(Records drawn from a dataset)
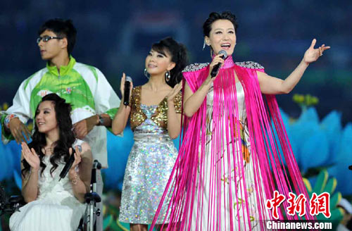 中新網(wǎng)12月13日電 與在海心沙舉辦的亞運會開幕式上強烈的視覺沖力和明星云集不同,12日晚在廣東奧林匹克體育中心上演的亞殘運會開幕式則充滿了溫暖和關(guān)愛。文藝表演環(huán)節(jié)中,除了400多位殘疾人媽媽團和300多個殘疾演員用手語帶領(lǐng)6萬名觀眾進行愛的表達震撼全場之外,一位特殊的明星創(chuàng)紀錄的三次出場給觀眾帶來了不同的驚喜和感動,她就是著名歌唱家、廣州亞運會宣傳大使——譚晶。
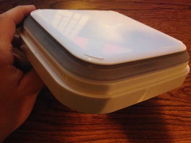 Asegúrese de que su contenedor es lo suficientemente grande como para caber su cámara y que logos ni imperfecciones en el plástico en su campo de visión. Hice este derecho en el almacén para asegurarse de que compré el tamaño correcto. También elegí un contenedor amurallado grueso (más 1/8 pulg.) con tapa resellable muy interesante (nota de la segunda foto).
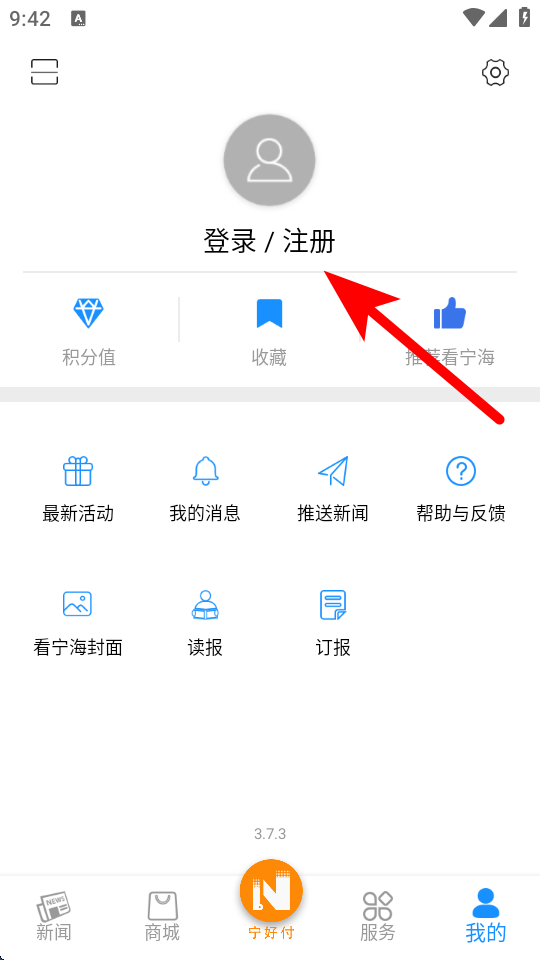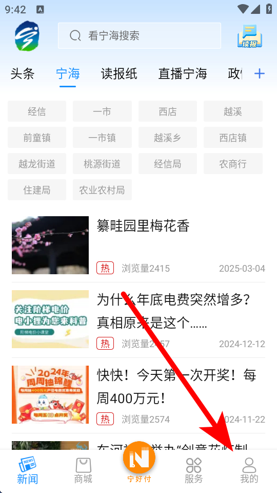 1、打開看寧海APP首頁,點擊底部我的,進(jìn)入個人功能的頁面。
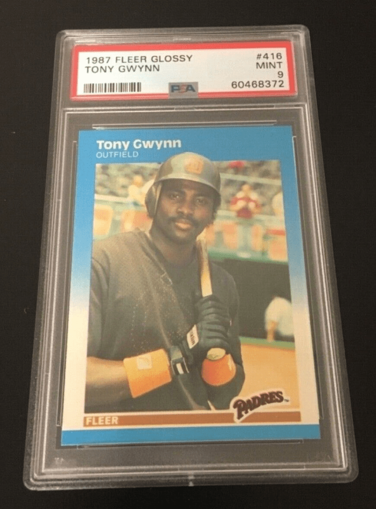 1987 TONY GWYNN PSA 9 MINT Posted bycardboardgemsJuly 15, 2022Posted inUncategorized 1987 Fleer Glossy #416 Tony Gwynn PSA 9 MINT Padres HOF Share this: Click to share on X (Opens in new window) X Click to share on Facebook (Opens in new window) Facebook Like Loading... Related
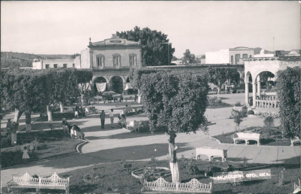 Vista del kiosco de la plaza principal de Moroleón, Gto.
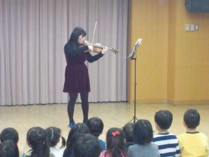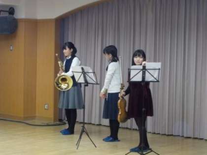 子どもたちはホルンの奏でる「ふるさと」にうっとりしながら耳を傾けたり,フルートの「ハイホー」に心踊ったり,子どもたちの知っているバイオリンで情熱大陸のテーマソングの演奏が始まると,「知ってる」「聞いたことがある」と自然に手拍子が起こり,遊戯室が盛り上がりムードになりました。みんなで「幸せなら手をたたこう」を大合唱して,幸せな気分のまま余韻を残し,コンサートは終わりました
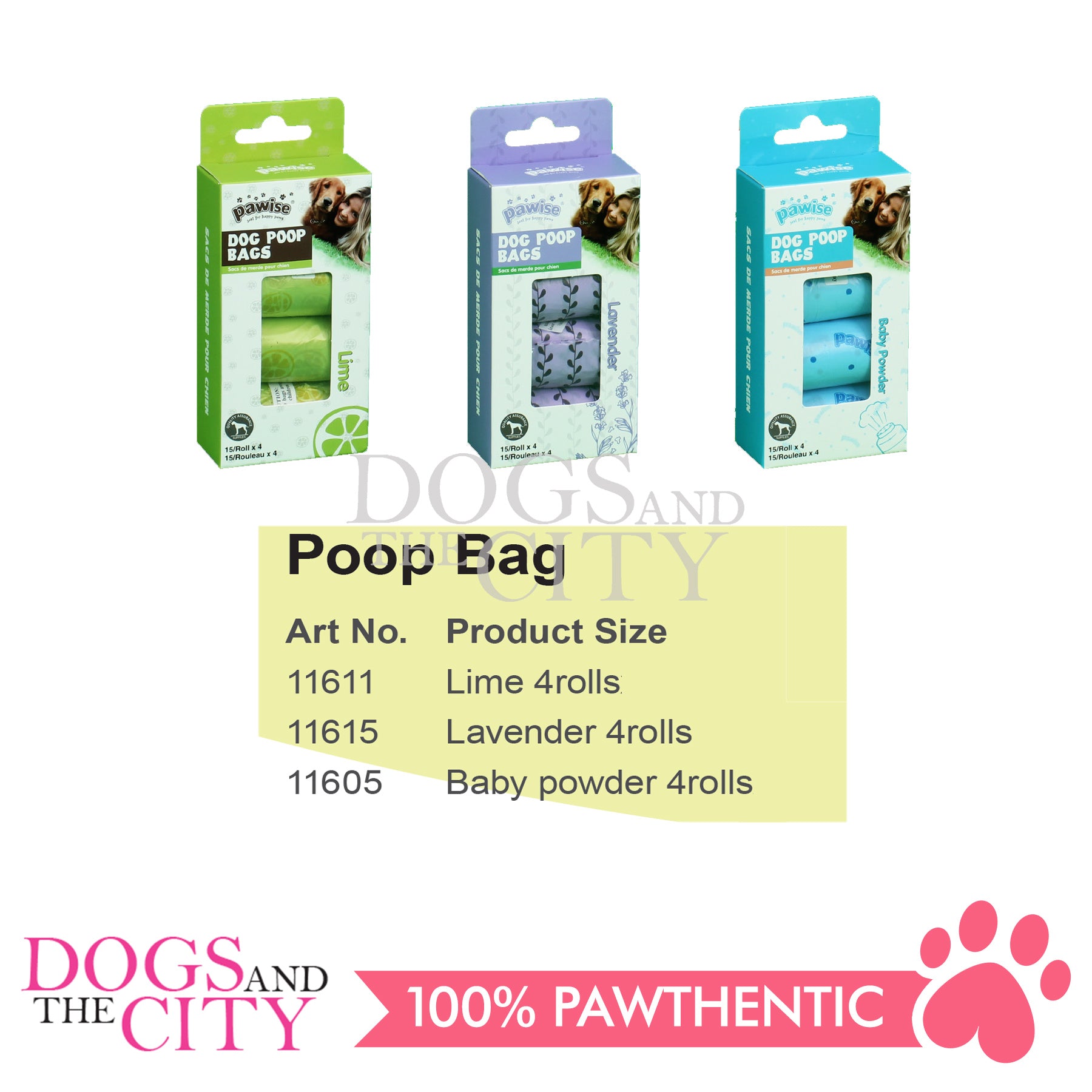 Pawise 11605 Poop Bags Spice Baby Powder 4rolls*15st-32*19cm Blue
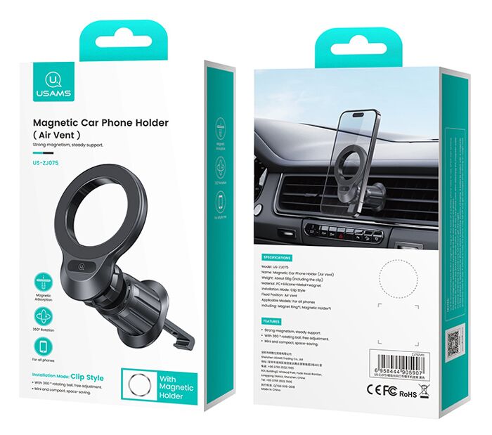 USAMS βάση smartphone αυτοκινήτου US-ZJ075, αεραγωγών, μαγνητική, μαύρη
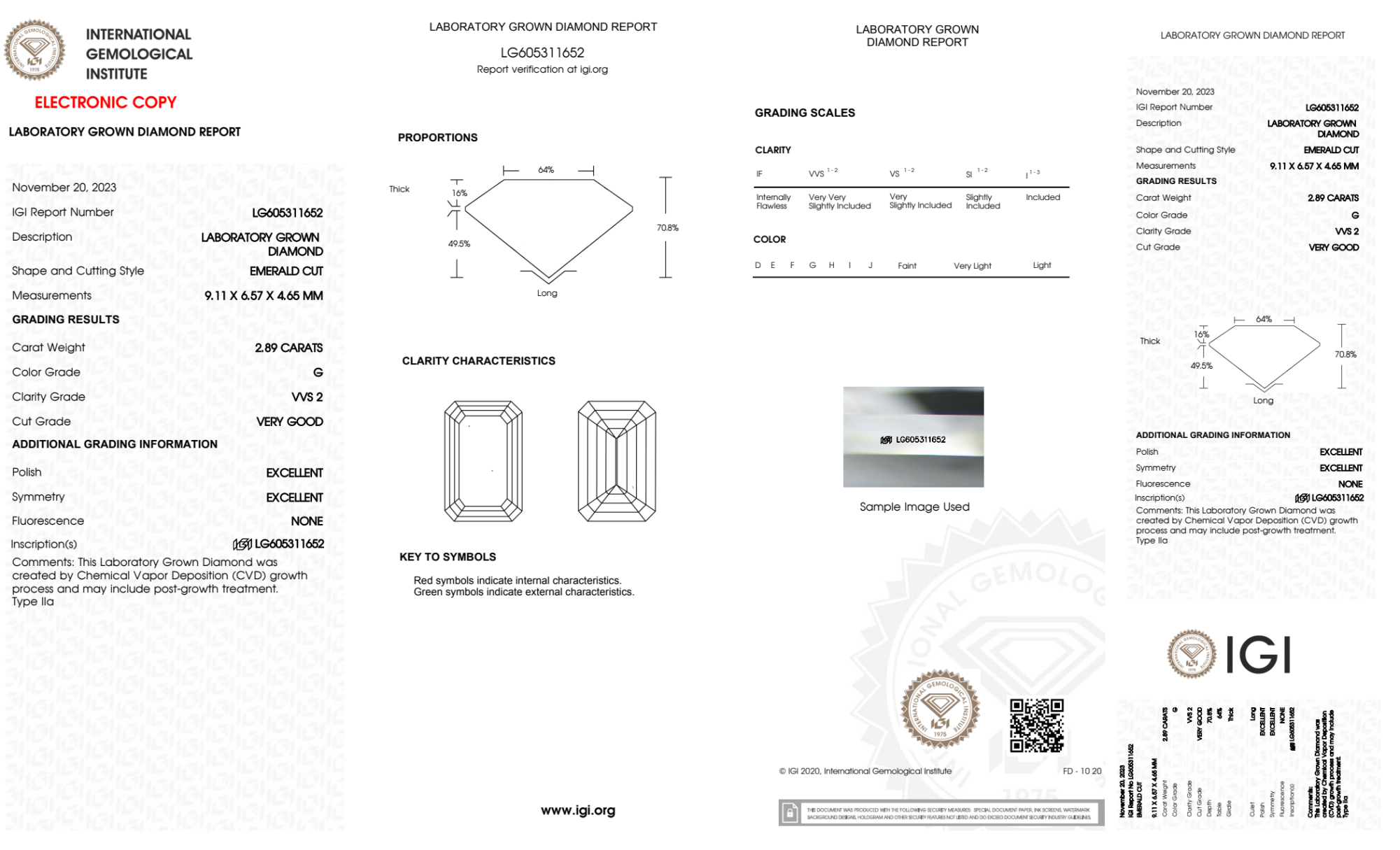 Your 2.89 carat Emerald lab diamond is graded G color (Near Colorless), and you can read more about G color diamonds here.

[ASSIGNED TASK] What you need to produce is an exact copy of the entries above, limited to the lines from the one with "Asegúrese de que" up to and including the one with "1、打開看寧海APP首頁,點擊底部我的,進(jìn)入個人功能的頁面。", without pictures.

[RESPONSE]
 Asegúrese de que su contenedor es lo suficientemente grande como para caber su cámara y que logos ni imperfecciones en el plástico en su campo de visión. Hice este derecho en el almacén para asegurarse de que compré el tamaño correcto. También elegí un contenedor amurallado grueso (más 1/8 pulg.) con tapa resellable muy interesante (nota de la segunda foto).
 1、打開看寧海APP首頁,點擊底部我的,進(jìn)入個人功能的頁面。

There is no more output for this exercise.